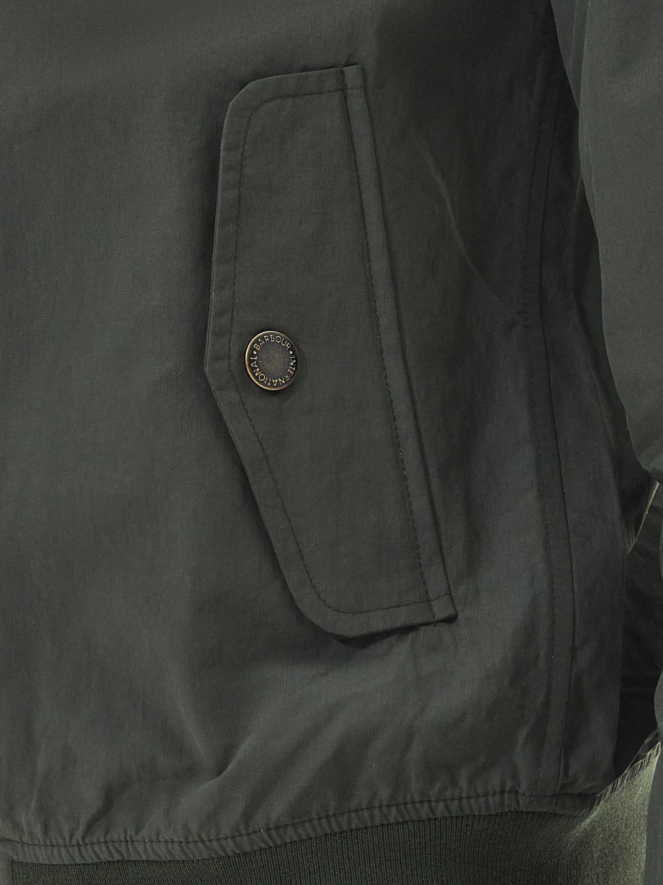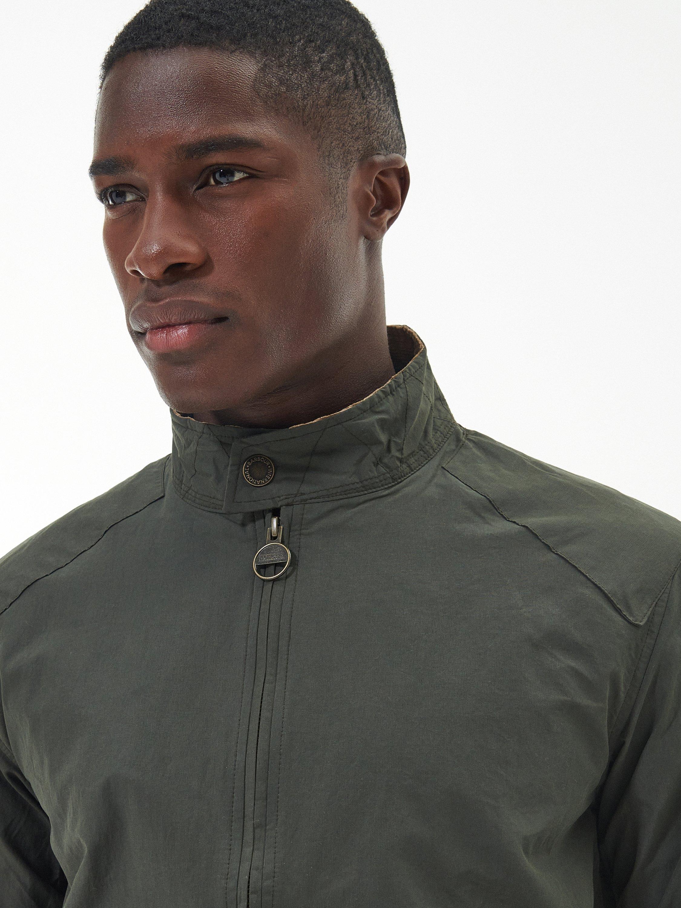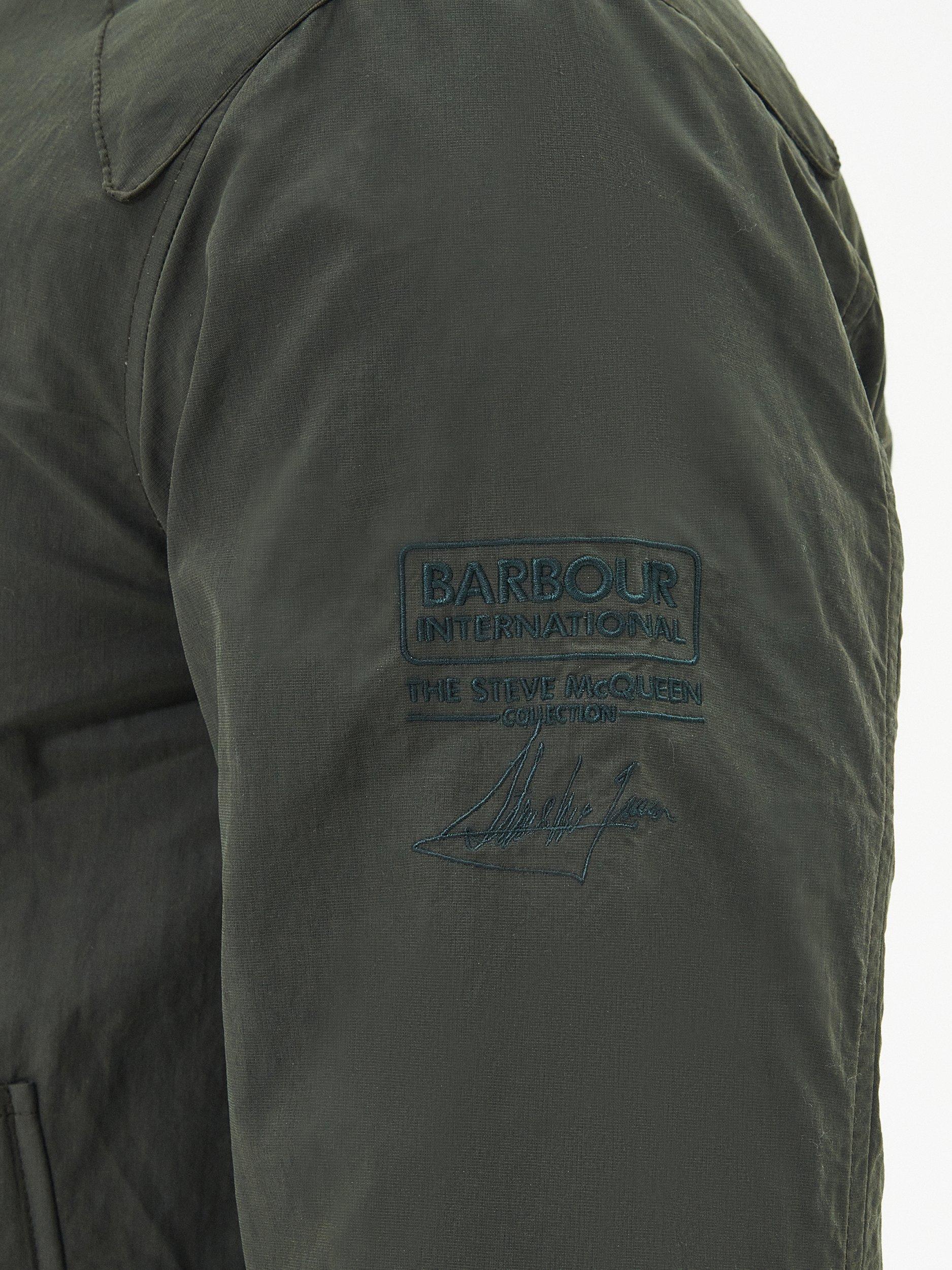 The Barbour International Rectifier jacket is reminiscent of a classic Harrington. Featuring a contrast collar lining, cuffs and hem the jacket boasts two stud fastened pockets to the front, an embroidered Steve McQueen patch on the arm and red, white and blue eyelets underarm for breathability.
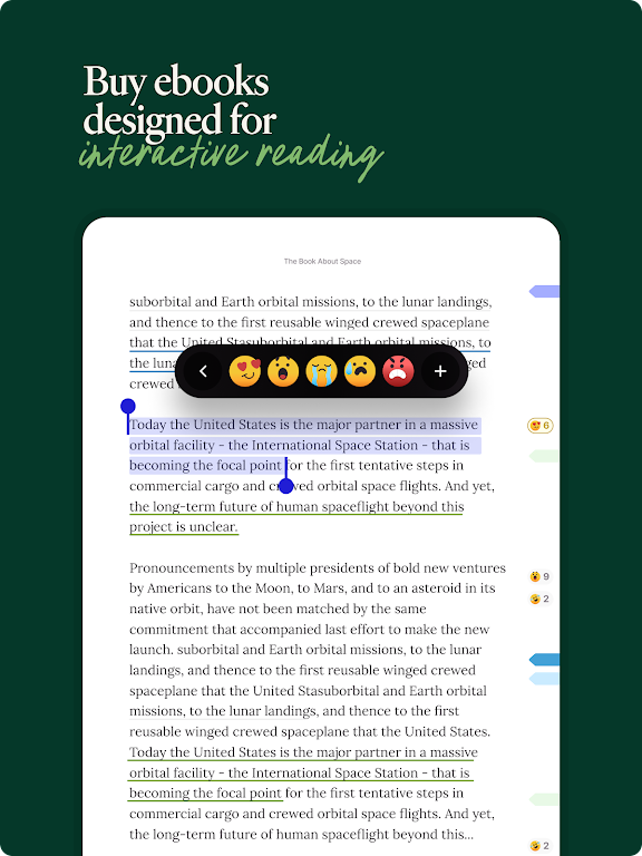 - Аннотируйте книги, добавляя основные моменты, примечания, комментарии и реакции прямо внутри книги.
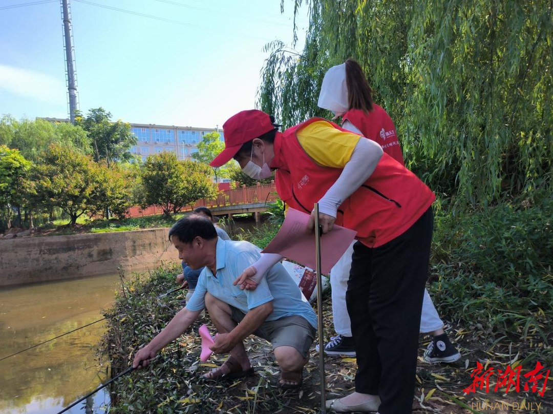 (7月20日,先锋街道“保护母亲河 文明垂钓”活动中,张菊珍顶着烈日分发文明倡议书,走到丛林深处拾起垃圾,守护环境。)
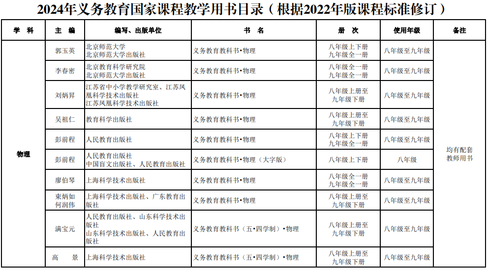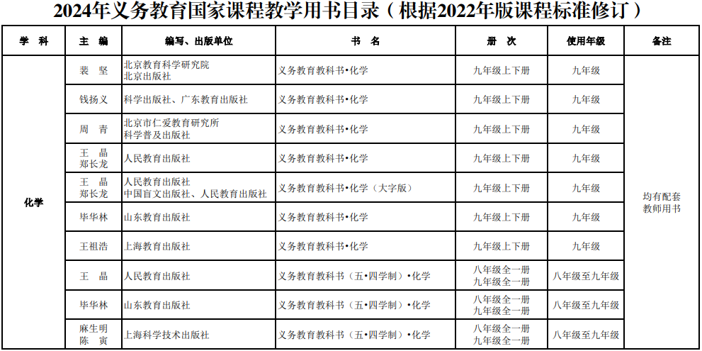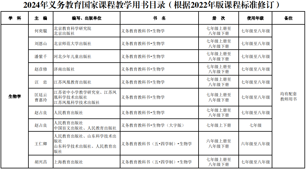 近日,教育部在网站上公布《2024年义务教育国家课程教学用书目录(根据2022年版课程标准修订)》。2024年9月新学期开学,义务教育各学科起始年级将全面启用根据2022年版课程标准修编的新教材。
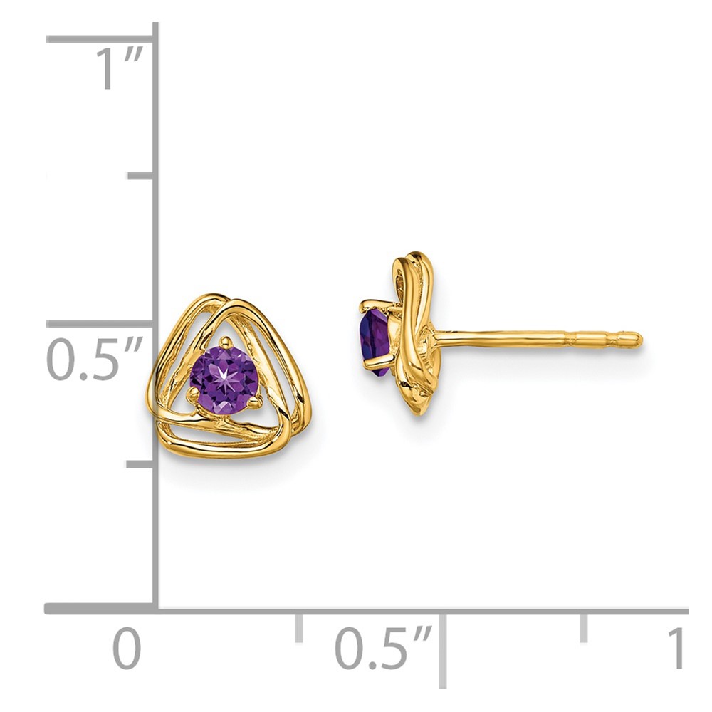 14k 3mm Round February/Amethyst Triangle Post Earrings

------------------------------

Goal of the exercise:
Would it be possible to give the material above again exactly, with the pictures left out?

Expected answer:
 The Barbour International Rectifier jacket is reminiscent of a classic Harrington. Featuring a contrast collar lining, cuffs and hem the jacket boasts two stud fastened pockets to the front, an embroidered Steve McQueen patch on the arm and red, white and blue eyelets underarm for breathability.
 - Аннотируйте книги, добавляя основные моменты, примечания, комментарии и реакции прямо внутри книги.
 (7月20日,先锋街道“保护母亲河 文明垂钓”活动中,张菊珍顶着烈日分发文明倡议书,走到丛林深处拾起垃圾,守护环境。)
 近日,教育部在网站上公布《2024年义务教育国家课程教学用书目录(根据2022年版课程标准修订)》。2024年9月新学期开学,义务教育各学科起始年级将全面启用根据2022年版课程标准修编的新教材。
 14k 3mm Round February/Amethyst Triangle Post Earrings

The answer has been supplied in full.